* What to do *
The listing that follows should be copied in full and exactly, with no pictures.

* Data excerpt *
▼

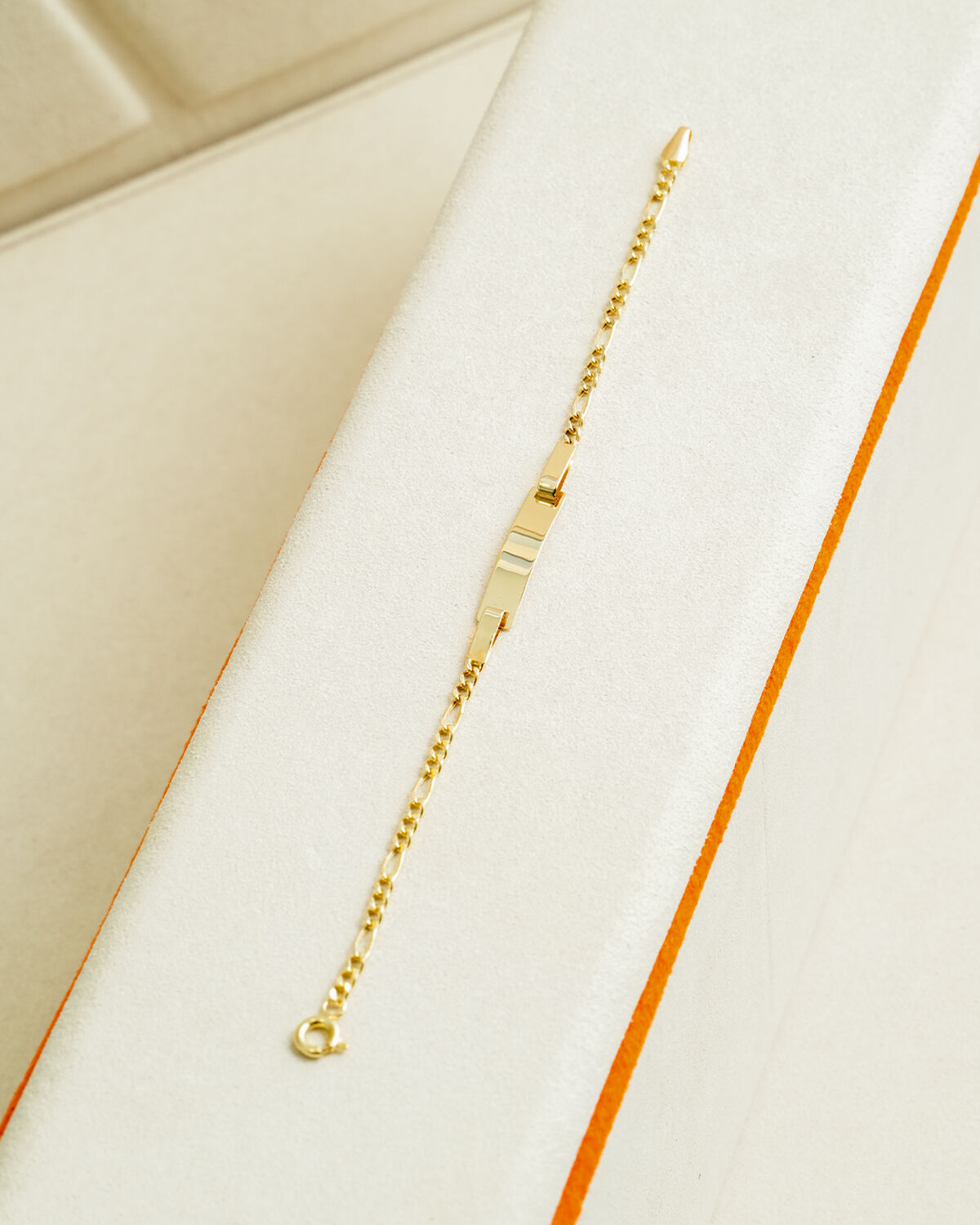 Kolyecik güvencesiyle sunulan 14 Ayar Altın İsimli Künye, 1,18 gram hafifliği ve 13 cm zincir uzunluğu ile çocuklar için özel olarak tasarlanmış zarif ve kullanışlı bir aksesuardır. İsimli tasarımı sayesinde çocuğunuza özel hâle getirilebilen bu künye, çocukların hassas bilek yapısına uyum sağlayacak ölçüsüyle güvenle kullanılabilir. Hafif yapısı sayesinde çocukların günlük kullanımında konfor sunar ve bilekte rahatsızlık hissi oluşturmaz. Doğum günü, ilk yaş, sünnet veya özel günlerde çocuklara verilebilecek anlamlı ve kalıcı bir hatıra olarak öne çıkar. %100 14 Ayar Altın kullanılarak ustalarımızın titiz el işçiliğiyle üretilmiştir. El yapımı olması nedeniyle gramajda ±%5 küçük farklılıklar görülebilir. Siparişiniz kişiselleştirme işlemi tamamlandıktan sonra sigortalı kargo ile gönderilir ve ayar, gramaj ile orijinalliğini belgeleyen sertifikasıyla teslim edilir. Kolyecik ile çocuklarınıza sevgi dolu, güvenli ve özel bir hatıra armağan edin!
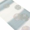 届いてすぐに使える、お仕立て上がりの夏名古屋帯です。 京都西陣で織り上げられた、西陣証紙のついた確かな品質。 爽やかな白と薄青の縞模様に、吉祥文様などの丸紋が描かれた、古典的でありながらモダンな雰囲気も持ち合わせたデザインです。 上品な帯ですのでコーディネートしやすく、 またさっくりとした涼し気な印象の帯ですので、初夏・盛夏・晩夏の小紋や紬、色無地、御召などの着物に最適です。 帯は伝統工芸の西陣織にて仕立てられており、染められた糸を複雑に織って模様を作るので、完成までに多数の工程があり、とても手間暇がかかる高級絹織物です。 こうして丁寧に織られた生地は、先染めしてから織っているので、一般的な染色法の後染めより丈夫でシワになりにくいのが特徴です。 絹の帯は何といっても柔らかな風合いで、高級感あふれる美しい帯の質感がお楽しみいただけます。 しなやかな手触りと締め心地の良さを兼ね備え、正絹特有の柔らかな光沢をもつ逸品です。 仕立てはお太鼓結びのしやすい名古屋仕立て。胴前がすでに半分に折られた状態ですので、帯結びが苦手な方でも締めやすく、お稽古事にも最適な帯です。 西陣織の意匠こもった深みのある柄行きが、後ろ姿のお太鼓も胴前も凛とした着姿を演出してくれるでしょう。 ぜひご自身の着物コーディネートに取り入れていただきたい名古屋帯です。
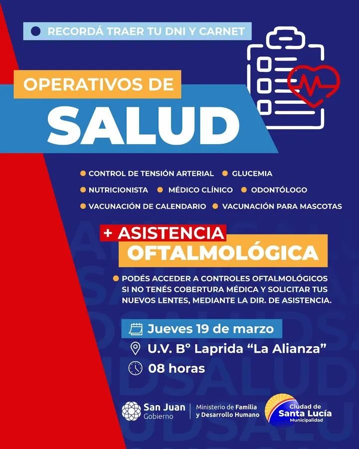 Un nuevo operativo de salud se desarrollará este jueves en el Barrio Laprida de Santa Lucía.

▲

* Task output *
 Kolyecik güvencesiyle sunulan 14 Ayar Altın İsimli Künye, 1,18 gram hafifliği ve 13 cm zincir uzunluğu ile çocuklar için özel olarak tasarlanmış zarif ve kullanışlı bir aksesuardır. İsimli tasarımı sayesinde çocuğunuza özel hâle getirilebilen bu künye, çocukların hassas bilek yapısına uyum sağlayacak ölçüsüyle güvenle kullanılabilir. Hafif yapısı sayesinde çocukların günlük kullanımında konfor sunar ve bilekte rahatsızlık hissi oluşturmaz. Doğum günü, ilk yaş, sünnet veya özel günlerde çocuklara verilebilecek anlamlı ve kalıcı bir hatıra olarak öne çıkar. %100 14 Ayar Altın kullanılarak ustalarımızın titiz el işçiliğiyle üretilmiştir. El yapımı olması nedeniyle gramajda ±%5 küçük farklılıklar görülebilir. Siparişiniz kişiselleştirme işlemi tamamlandıktan sonra sigortalı kargo ile gönderilir ve ayar, gramaj ile orijinalliğini belgeleyen sertifikasıyla teslim edilir. Kolyecik ile çocuklarınıza sevgi dolu, güvenli ve özel bir hatıra armağan edin!
 届いてすぐに使える、お仕立て上がりの夏名古屋帯です。 京都西陣で織り上げられた、西陣証紙のついた確かな品質。 爽やかな白と薄青の縞模様に、吉祥文様などの丸紋が描かれた、古典的でありながらモダンな雰囲気も持ち合わせたデザインです。 上品な帯ですのでコーディネートしやすく、 またさっくりとした涼し気な印象の帯ですので、初夏・盛夏・晩夏の小紋や紬、色無地、御召などの着物に最適です。 帯は伝統工芸の西陣織にて仕立てられており、染められた糸を複雑に織って模様を作るので、完成までに多数の工程があり、とても手間暇がかかる高級絹織物です。 こうして丁寧に織られた生地は、先染めしてから織っているので、一般的な染色法の後染めより丈夫でシワになりにくいのが特徴です。 絹の帯は何といっても柔らかな風合いで、高級感あふれる美しい帯の質感がお楽しみいただけます。 しなやかな手触りと締め心地の良さを兼ね備え、正絹特有の柔らかな光沢をもつ逸品です。 仕立てはお太鼓結びのしやすい名古屋仕立て。胴前がすでに半分に折られた状態ですので、帯結びが苦手な方でも締めやすく、お稽古事にも最適な帯です。 西陣織の意匠こもった深みのある柄行きが、後ろ姿のお太鼓も胴前も凛とした着姿を演出してくれるでしょう。 ぜひご自身の着物コーディネートに取り入れていただきたい名古屋帯です。
 Un nuevo operativo de salud se desarrollará este jueves en el Barrio Laprida de Santa Lucía.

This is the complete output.